I'm a little confused by the meaning of the second column in Ensembl's GTF annotation sets. According to the README and the online documentation, the second column is supposed to be the source of annotation (e.g. "havana"). However, when I actually look at the release 75 GTF (ftp directory), it looks like this:
#!genome-build GRCh37.p13
#!genome-version GRCh37
#!genome-date 2009-02
#!genome-build-accession NCBI:GCA_000001405.14
#!genebuild-last-updated 2013-09
1 pseudogene gene 11869 14412 . + . gene_id "ENSG00000223972"; gene_name "DDX11L1"; gene_source "ensembl_havana"; gene_biotype "pseudogene";
1 processed_transcript transcript 11869 14409 . + . gene_id "ENSG00000223972"; transcript_id "ENST00000456328"; gene_name "DDX11L1"; gene_source "ensembl_havana"; gene_biotype "pseudogene"; transcript_name "DDX11L1-002"; transcript_source "havana";
Notice how the second column actually seems to contain the transcript_biotype
(which is missing from the attributes), and the gene_source
is in the attributes? Is this a bug in their GTF generation? Is the documentation for some older version of GTF which is no longer supposed to be used?

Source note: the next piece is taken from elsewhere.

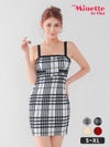 ワンピース 安い タイトミニドレス 大人 ストレッチ チェック柄 キャミソール パールボタンのカラバリ画像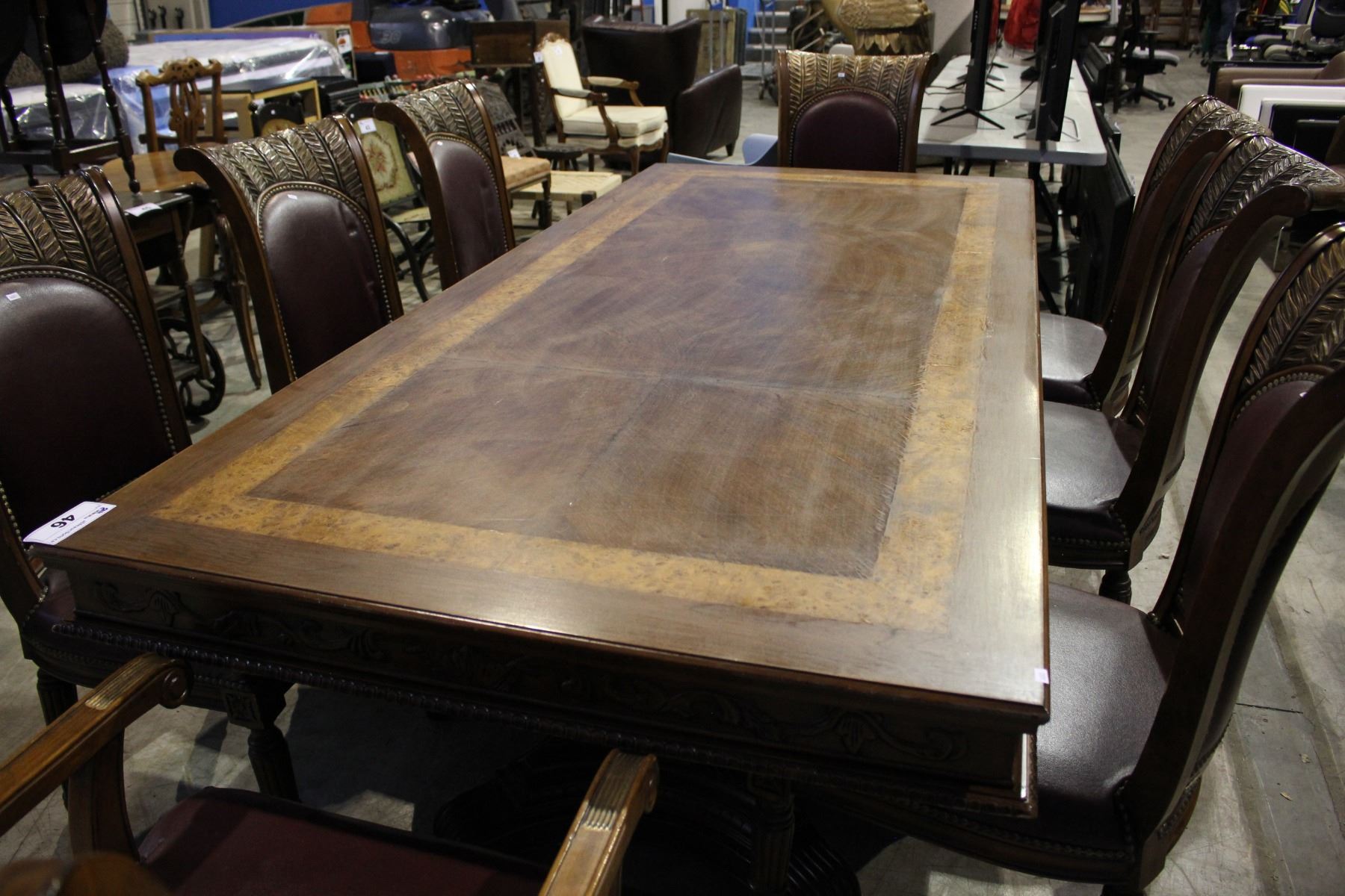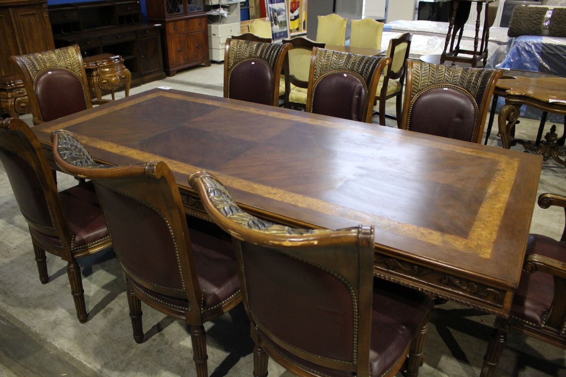 APPROX. 8 FT CARVED DINING TABLE WITH EIGHT CHAIRS

I would guess that somewhere along the line Ensembl people decided to use the second column to store "bio_type" rather than the "source". I don't think it is a bug or something to do with old or new GTF format.

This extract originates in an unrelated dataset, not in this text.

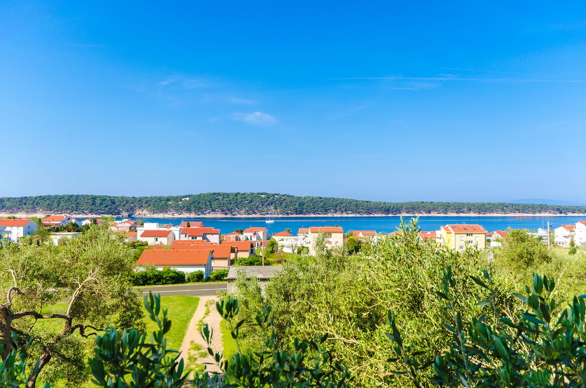 This freshly renovated house is situated in the village Lun , in millenary olive garden. It is just 800mt from sea and 16km from Novalja. Nice and modernly equipped with beautifull sea view.

Wouldn't changing the meaning of the columns be a change in the GTF format? Otherwise, if the columns can mean arbitrary things, how is it a format at all?
I would still regard it as a format with loose structure with some columns following strict definitions while some not. All the columns were created to represent specific information or had some specific purpose at the time the GFF format was created. Later on some of these columns became non-useful but as this format was so widely adopted, people thought it won't be a good idea just to remove some of these columns. The first (chr), third (genic feature), fourth (start), fifth (end) and seventh columns (strand) have strict definitions and should contain the same information disregard of the source of the gtf file. I guess the information in second column or source column was used by people in the beginning but now it is not that important. Most of the current program that use gtf file use chromosome, start, end, strand information to extract positions of the genic feature. The third column and information in the ninth column is used to create hierarchy that relates exons to transcripts and transcripts to genes. I think pretty much most of the tools like snpEff (annotate variants) or RNA-seq count or RPKM generators only depend on columns that follow strict definitions.Whereas columns such as sixth column that was used to be a score column is not used anymore and contains ".". You can pretty much store any numeric information there.